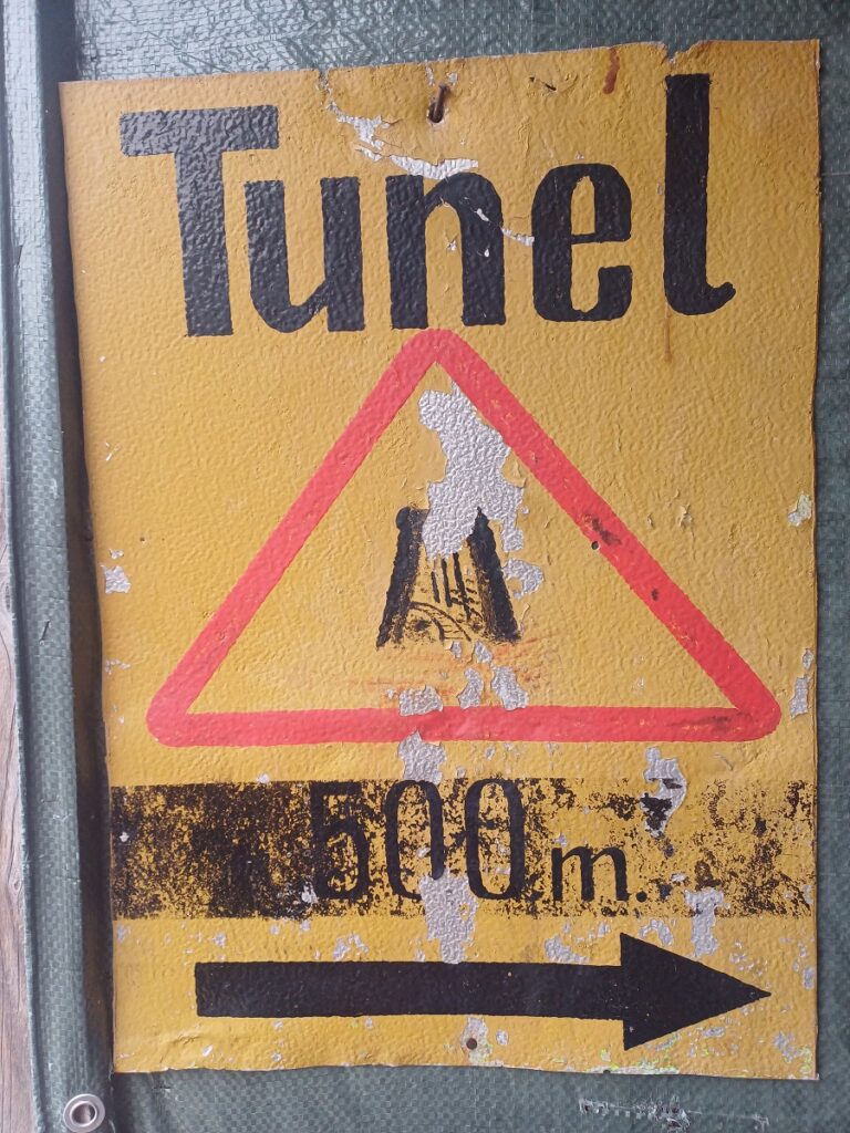 Međutim, manje od godinu dana nakon izgradnje postavljena je uska železnička pruga, a uvedena su i mala kolica za transport robe kroz tunel.
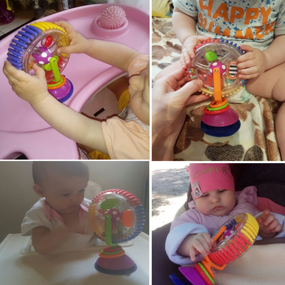 The base is equipped with a suction cup that can be sucked on a smooth object such as a dining car,a floor,etc.It is also possible to use a suction pad to safely place the Ferris wheel on a high chair for the baby to play.
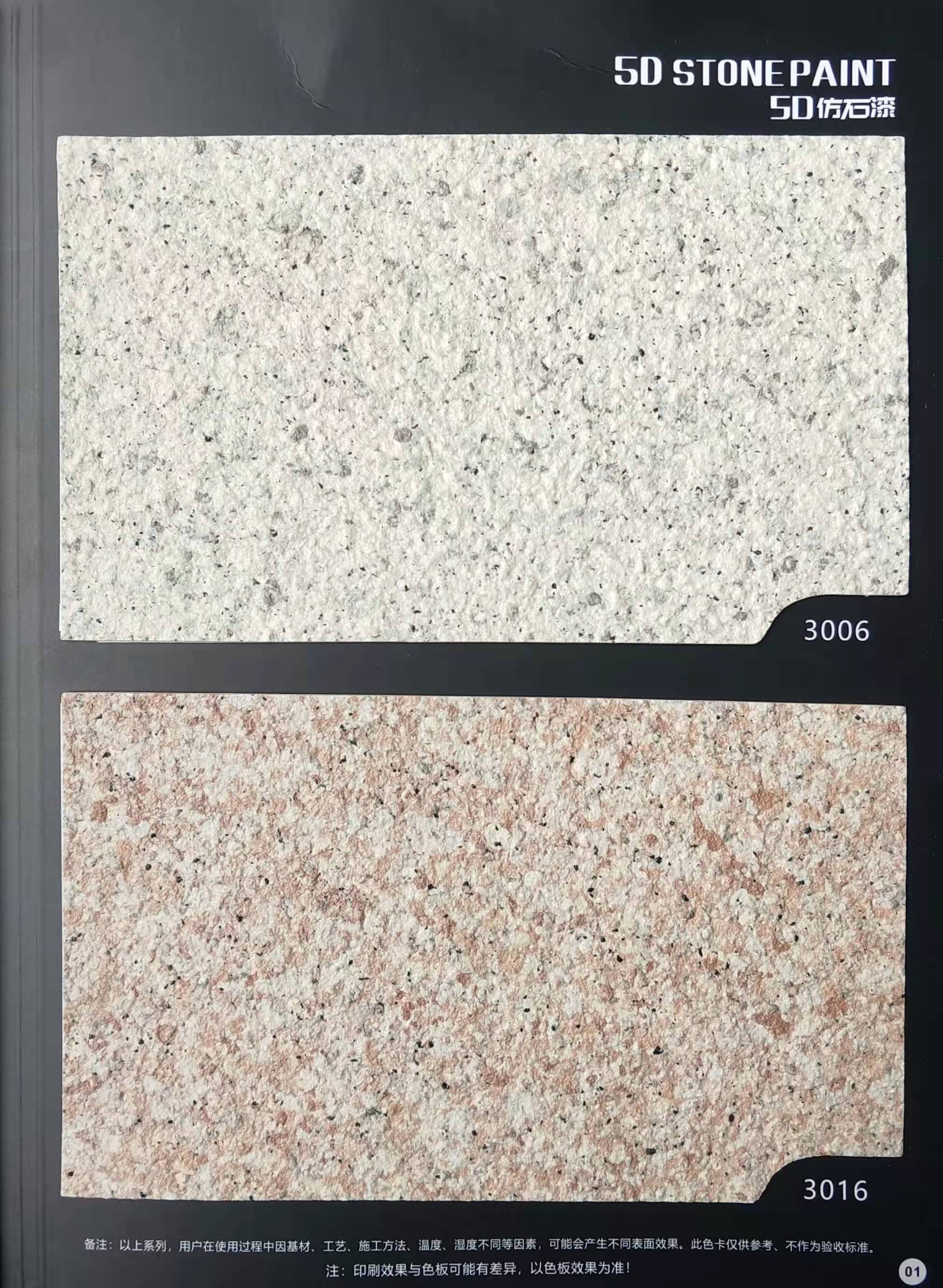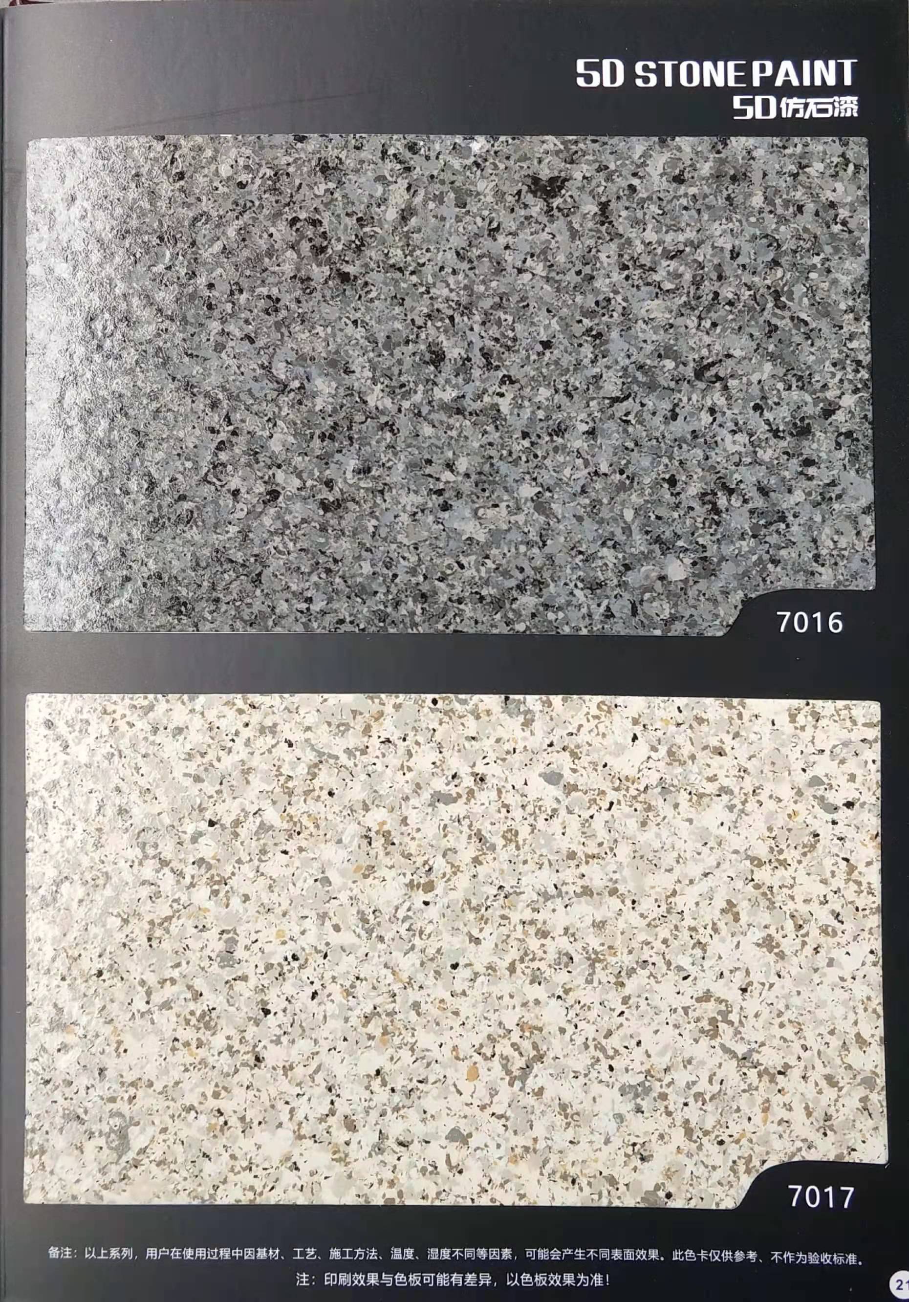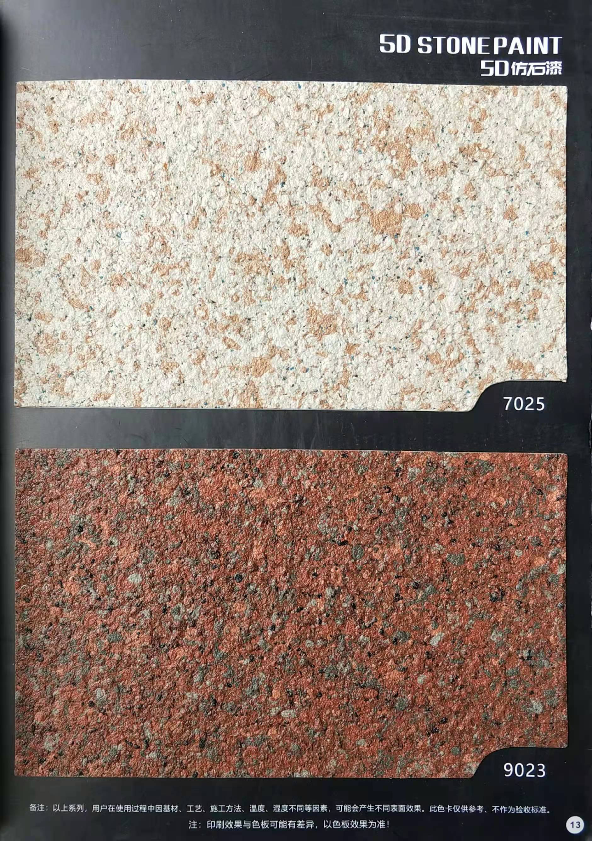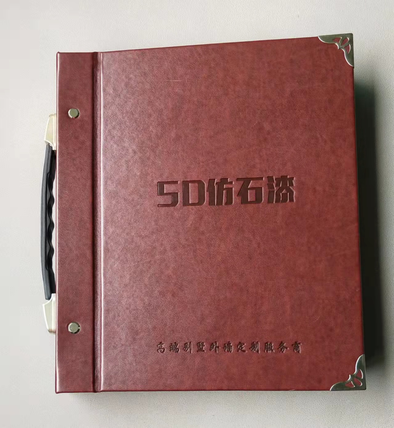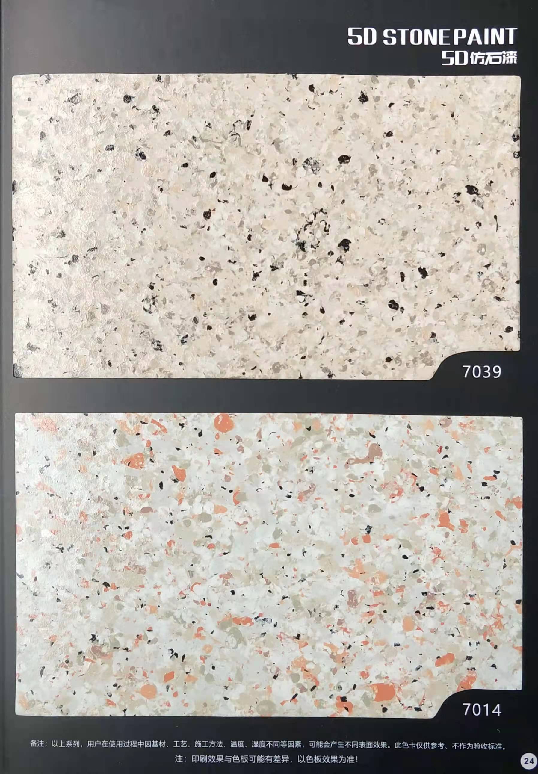 為方便市場客戶對5D仿石漆樣式的選擇,滿足消費者對其產品效果的體現,友情漆現在推出一套全方景立體式展現,用不同色彩仿石漆組合裝飾出來的墻面效果圖冊。

◆ ◆ ◆

• What is required:
Give the complete material again, exactly as written. Do not include the pictures.

• Exercise response:
 Međutim, manje od godinu dana nakon izgradnje postavljena je uska železnička pruga, a uvedena su i mala kolica za transport robe kroz tunel.
 The base is equipped with a suction cup that can be sucked on a smooth object such as a dining car,a floor,etc.It is also possible to use a suction pad to safely place the Ferris wheel on a high chair for the baby to play.
 為方便市場客戶對5D仿石漆樣式的選擇,滿足消費者對其產品效果的體現,友情漆現在推出一套全方景立體式展現,用不同色彩仿石漆組合裝飾出來的墻面效果圖冊。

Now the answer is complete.